We first saw it back in the Ice Age movies, where the impish Scrat careens in snowy spirals hoping to hang onto a single acorn. We saw it underwater in Finding Nemo, where sea creatures big and small engage in a bubbly ballet of loops and spins. And in the recent Animal Logic release, Happy Feet, it's pretty much taken over the whole film. Here it's a slapstick move: the loop-de-loop of the classic half-pipe plays out on a slick surface of snow and ice, the dancers waddle and flip (I should mention that they're penguins) and as the perils increase, the dance numbers do, too. Critics have praised Happy Feet's incongruous plotlines, a welcome deviation from the formulaic storylines of most cartoon movies and one which is amplified by an eclectic soundtrack clearly intended to keep parents awake. There are some inspired casting choices, like Robin Williams channeling his inner Charo and a fat-cat evangelical penguin, also voiced by Williams in a pitch-perfect rendition of Barry White. Ethnic diversity aside, the common language here is the half-pipe: they all do it, and they do it constantly, so that by the end of the film, the encroaching evil-doers seem somehow disabused of their menacing intent because the audience knows better. Ergo, the penguins slip-slide right on past the big, bad industrialists to their flap-happy, G-rated and triumphant end.

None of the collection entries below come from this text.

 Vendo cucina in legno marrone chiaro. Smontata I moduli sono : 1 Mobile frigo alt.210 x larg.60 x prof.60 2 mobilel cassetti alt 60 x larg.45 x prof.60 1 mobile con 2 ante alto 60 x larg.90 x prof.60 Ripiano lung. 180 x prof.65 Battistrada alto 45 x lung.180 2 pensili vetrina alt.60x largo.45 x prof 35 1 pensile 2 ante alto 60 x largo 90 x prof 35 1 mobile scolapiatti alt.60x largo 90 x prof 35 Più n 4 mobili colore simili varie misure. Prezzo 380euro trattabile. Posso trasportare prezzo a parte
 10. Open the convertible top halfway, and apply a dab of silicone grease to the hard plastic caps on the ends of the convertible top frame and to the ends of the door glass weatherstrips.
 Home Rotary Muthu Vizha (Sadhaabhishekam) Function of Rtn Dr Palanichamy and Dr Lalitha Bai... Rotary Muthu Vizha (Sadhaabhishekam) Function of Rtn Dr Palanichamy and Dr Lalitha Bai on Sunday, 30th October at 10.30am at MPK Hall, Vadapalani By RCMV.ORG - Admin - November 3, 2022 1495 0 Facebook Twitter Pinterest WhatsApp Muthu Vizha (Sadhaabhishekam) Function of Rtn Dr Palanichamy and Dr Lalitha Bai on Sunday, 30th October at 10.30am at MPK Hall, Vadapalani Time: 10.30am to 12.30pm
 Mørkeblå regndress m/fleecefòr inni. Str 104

Animals have long been the protagonists of choice for children. Along the way, they've been crafted by assuming human qualities — and not just in the Western canon: from Anansi the Spider to Peter Rabbit, children thrill to the notion of a seemingly implausible character solving a problem of some visible consequence. (Obviously it is far better for little people to see a bunny in danger than to see, for example, a five-year old child held hostage by Mr. Macgregor. That's no fairy tale: that's a felony.) But in feature-length cartoons like Happy Feet, the animals assume other, more subtle and crafty qualities, too. They flirt. They fret. They exhibit passive aggressive tendencies. There are political stalemates, generational divides, economic hardships, environmental perils. In the end, there's a kind of Disney-esque resolution, suggesting that dancing is the antidote to adversity. (I'm tempted to relate this to recent events in American politics, but suffice it to say that there's a kind of loosely political "walk the walk, talk the talk" shorthand at play in this movie that's mildly discomfitting.) There's a weird mash-up going on here, and it's not just the soundtrack. Imagine channel-switching between C-Span and Dancing With the Stars. You get the idea.

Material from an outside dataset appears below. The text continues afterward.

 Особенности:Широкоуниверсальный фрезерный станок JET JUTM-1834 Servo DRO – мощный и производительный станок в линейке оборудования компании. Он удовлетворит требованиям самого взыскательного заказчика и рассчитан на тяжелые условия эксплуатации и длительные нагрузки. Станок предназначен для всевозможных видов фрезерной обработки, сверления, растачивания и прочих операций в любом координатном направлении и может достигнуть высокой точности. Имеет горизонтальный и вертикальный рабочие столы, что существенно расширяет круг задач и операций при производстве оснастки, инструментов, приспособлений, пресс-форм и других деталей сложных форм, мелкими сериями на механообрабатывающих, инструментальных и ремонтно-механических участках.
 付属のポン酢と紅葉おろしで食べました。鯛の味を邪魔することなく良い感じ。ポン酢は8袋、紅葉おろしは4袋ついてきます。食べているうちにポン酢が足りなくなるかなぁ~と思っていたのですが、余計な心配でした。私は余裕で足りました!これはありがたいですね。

Meanwhile, the film endlessly riffs on a cinematic sequence that adoringly and ineffably recalls the art of the half-pipe. Was it deliberate, this choice to recreate the graceful moves, the gravity-defying lift-off that summons images of the snow (or skate) boarder? Was it intentional, this extension of the sleek surface, from a manageable half-pipe to a menacing mountain range? (Wasn't it enough in Nemo and Ice Age? Or did somebody call market research and find out this is just — pardon the pun — the tip of the iceberg?) It is likely that there's a bankable (and at times inverse) relationship between special effects and fear: in other words, the more fun it looks, the less dangerous it will seem to viewers. (And the more concerning it will be to parents.)

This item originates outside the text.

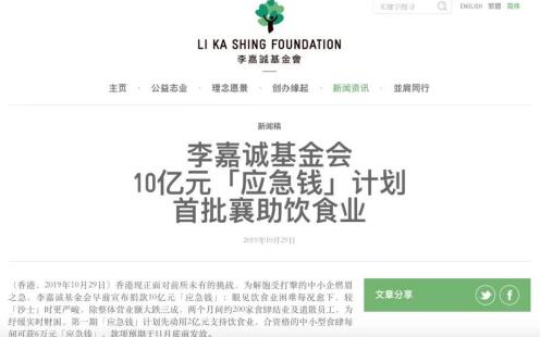 同一天,李嘉誠(chéng)基金會(huì)發(fā)布聲明:香港現(xiàn)正面對(duì)前所未有的挑戰(zhàn),為解飽受打擊的中小企燃眉之急,基金會(huì)此前宣布捐款10億元“應(yīng)急錢”。
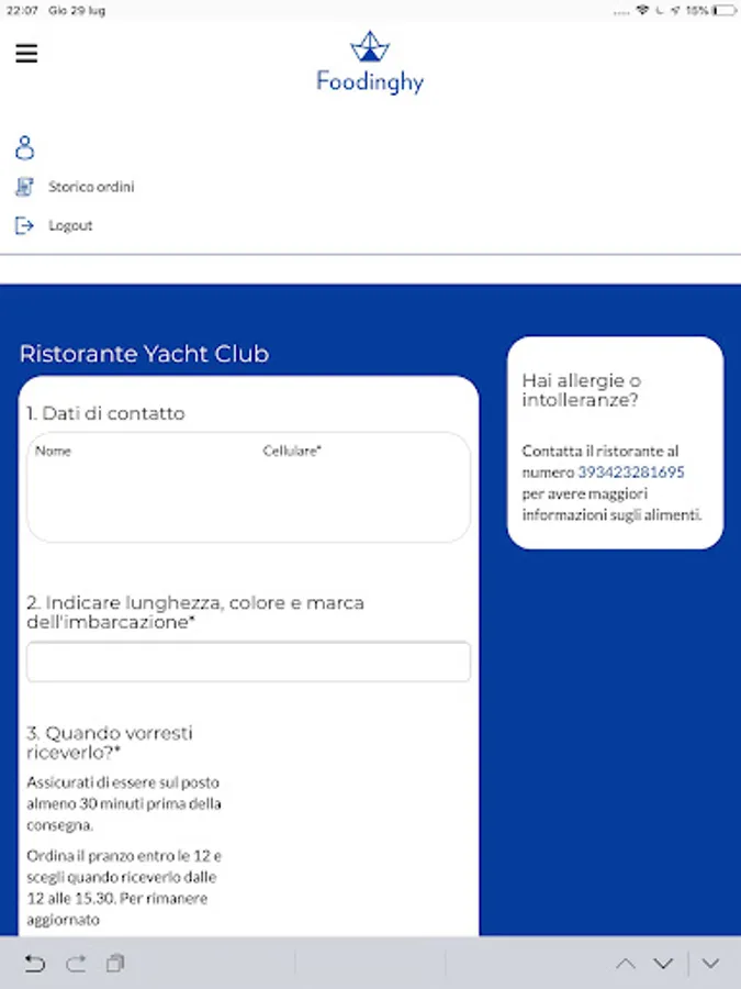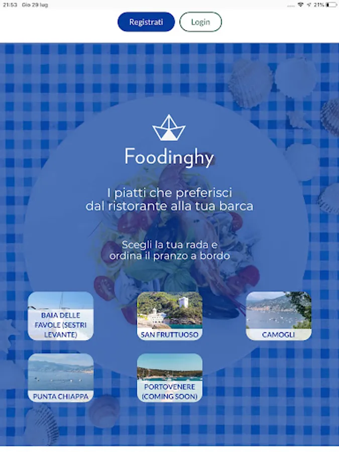 Download the free Foodinghy app and order your favorite dishes directly on board.

I promised myself that if I had children one day, I wouldn't admonish them, as my mother did me, about the real, live dangers inspired by cartoon derring-do. But faced with the lure of the Hollywood half-pipe, I'm not so sure any more. I thought I was using good judgment opting for G over PG-13. And hey — they're cute, those penguins. But the more human they get, the less kids remember that they're birds. You don't need an anvil dropped on your head to see where this could lead. In the meantime, the animation is beautiful, if a bit vertigo-inducing. And isn't it time the cartoon-length feature veered away from water and ice, onto plain old solid ground?